What the task requires: Pictures must not appear; the answer is exactly the lines from the one that holds "Majestic deer in" through the end of the material.

Exercise data:
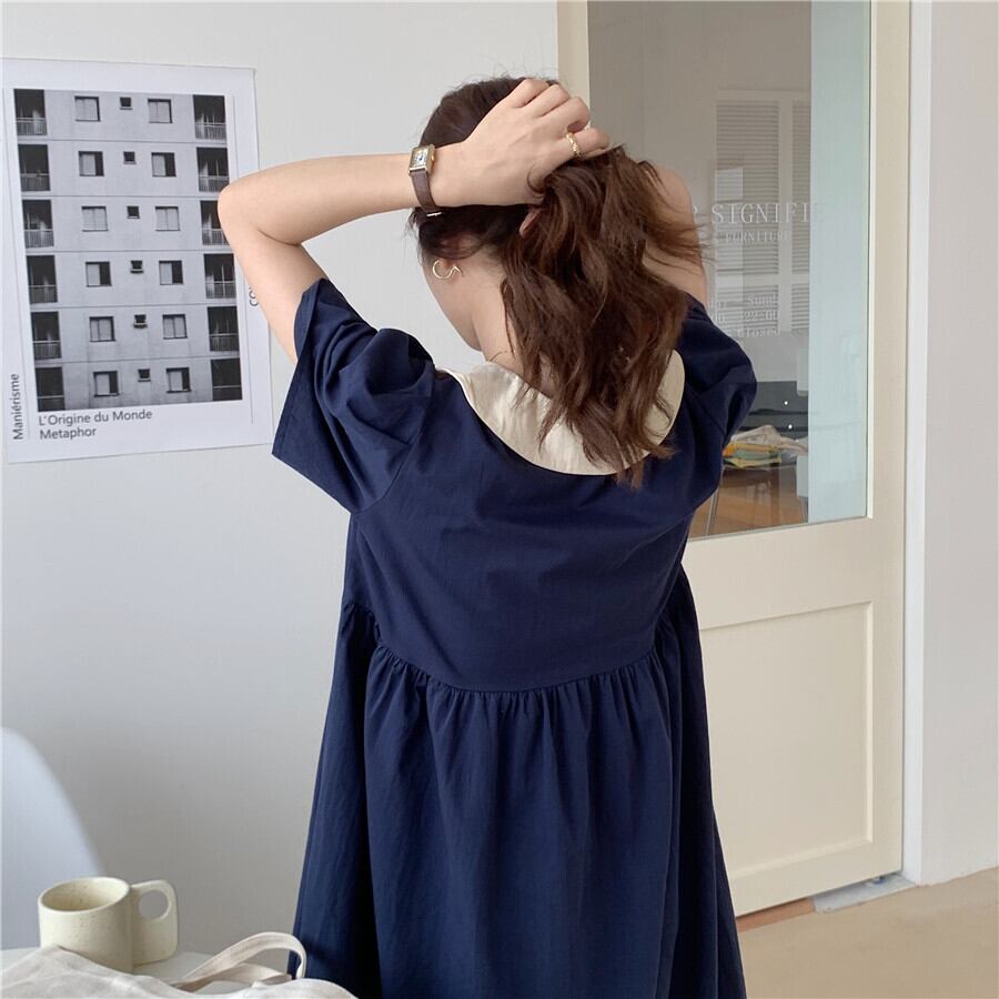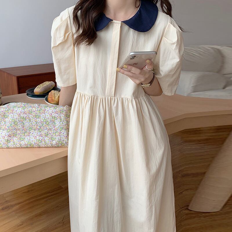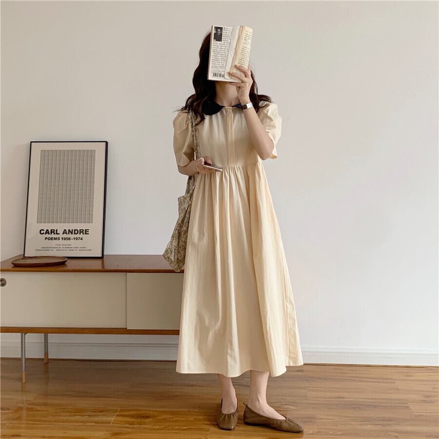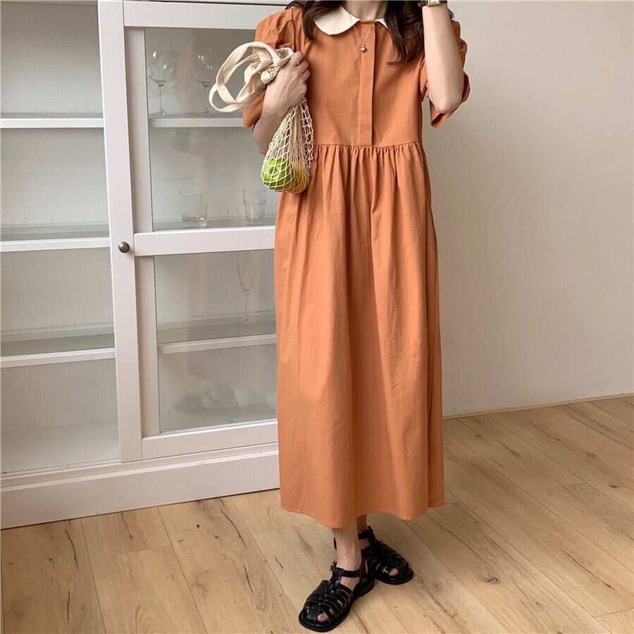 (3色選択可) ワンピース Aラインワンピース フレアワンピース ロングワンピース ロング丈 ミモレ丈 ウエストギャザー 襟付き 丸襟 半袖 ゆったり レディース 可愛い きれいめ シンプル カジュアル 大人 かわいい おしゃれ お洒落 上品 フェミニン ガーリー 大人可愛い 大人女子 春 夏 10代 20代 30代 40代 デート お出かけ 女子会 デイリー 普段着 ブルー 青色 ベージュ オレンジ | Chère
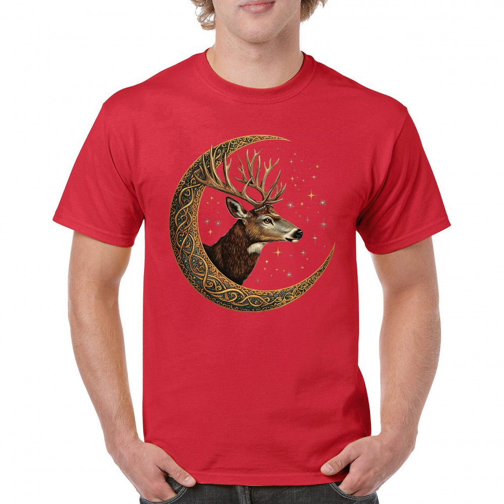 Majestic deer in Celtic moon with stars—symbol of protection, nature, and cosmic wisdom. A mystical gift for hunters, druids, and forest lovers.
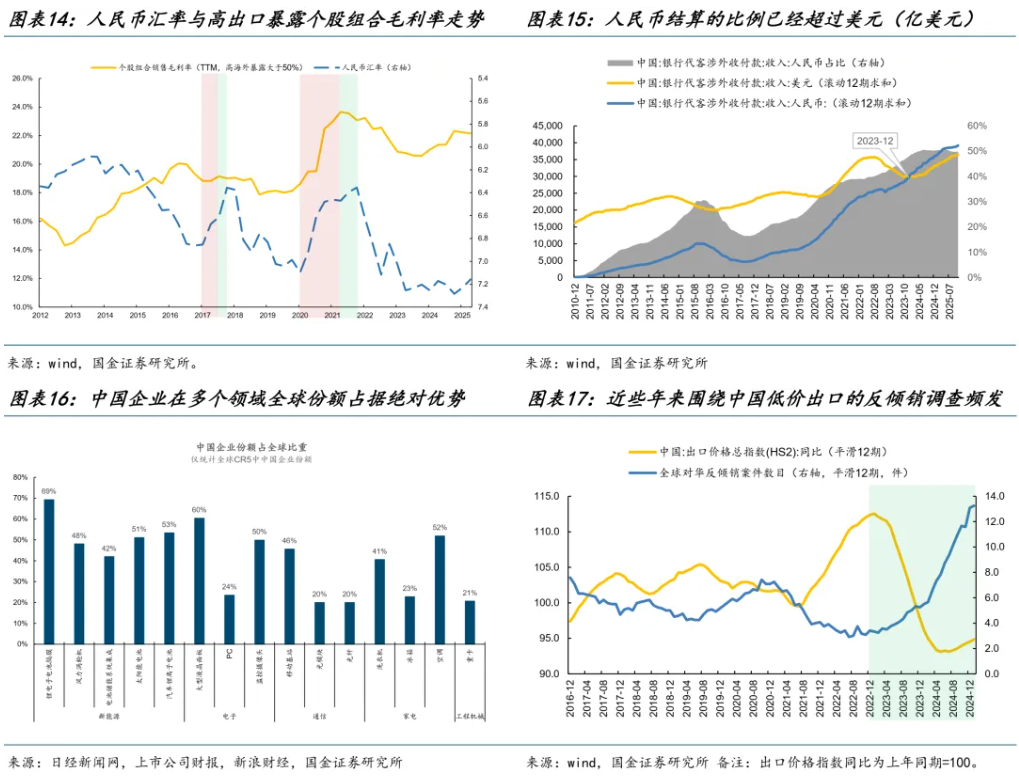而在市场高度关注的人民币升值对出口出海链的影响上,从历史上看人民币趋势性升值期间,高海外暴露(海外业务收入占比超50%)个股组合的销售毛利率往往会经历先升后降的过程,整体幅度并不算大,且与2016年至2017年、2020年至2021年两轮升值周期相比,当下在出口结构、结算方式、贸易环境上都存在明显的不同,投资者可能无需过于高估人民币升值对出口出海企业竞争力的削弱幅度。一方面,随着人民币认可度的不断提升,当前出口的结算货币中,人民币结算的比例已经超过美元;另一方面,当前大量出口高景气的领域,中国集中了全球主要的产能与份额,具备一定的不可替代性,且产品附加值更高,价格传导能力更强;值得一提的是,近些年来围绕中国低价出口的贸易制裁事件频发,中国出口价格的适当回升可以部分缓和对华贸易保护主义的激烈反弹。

Written reply:
 Majestic deer in Celtic moon with stars—symbol of protection, nature, and cosmic wisdom. A mystical gift for hunters, druids, and forest lovers.
而在市场高度关注的人民币升值对出口出海链的影响上,从历史上看人民币趋势性升值期间,高海外暴露(海外业务收入占比超50%)个股组合的销售毛利率往往会经历先升后降的过程,整体幅度并不算大,且与2016年至2017年、2020年至2021年两轮升值周期相比,当下在出口结构、结算方式、贸易环境上都存在明显的不同,投资者可能无需过于高估人民币升值对出口出海企业竞争力的削弱幅度。一方面,随着人民币认可度的不断提升,当前出口的结算货币中,人民币结算的比例已经超过美元;另一方面,当前大量出口高景气的领域,中国集中了全球主要的产能与份额,具备一定的不可替代性,且产品附加值更高,价格传导能力更强;值得一提的是,近些年来围绕中国低价出口的贸易制裁事件频发,中国出口价格的适当回升可以部分缓和对华贸易保护主义的激烈反弹。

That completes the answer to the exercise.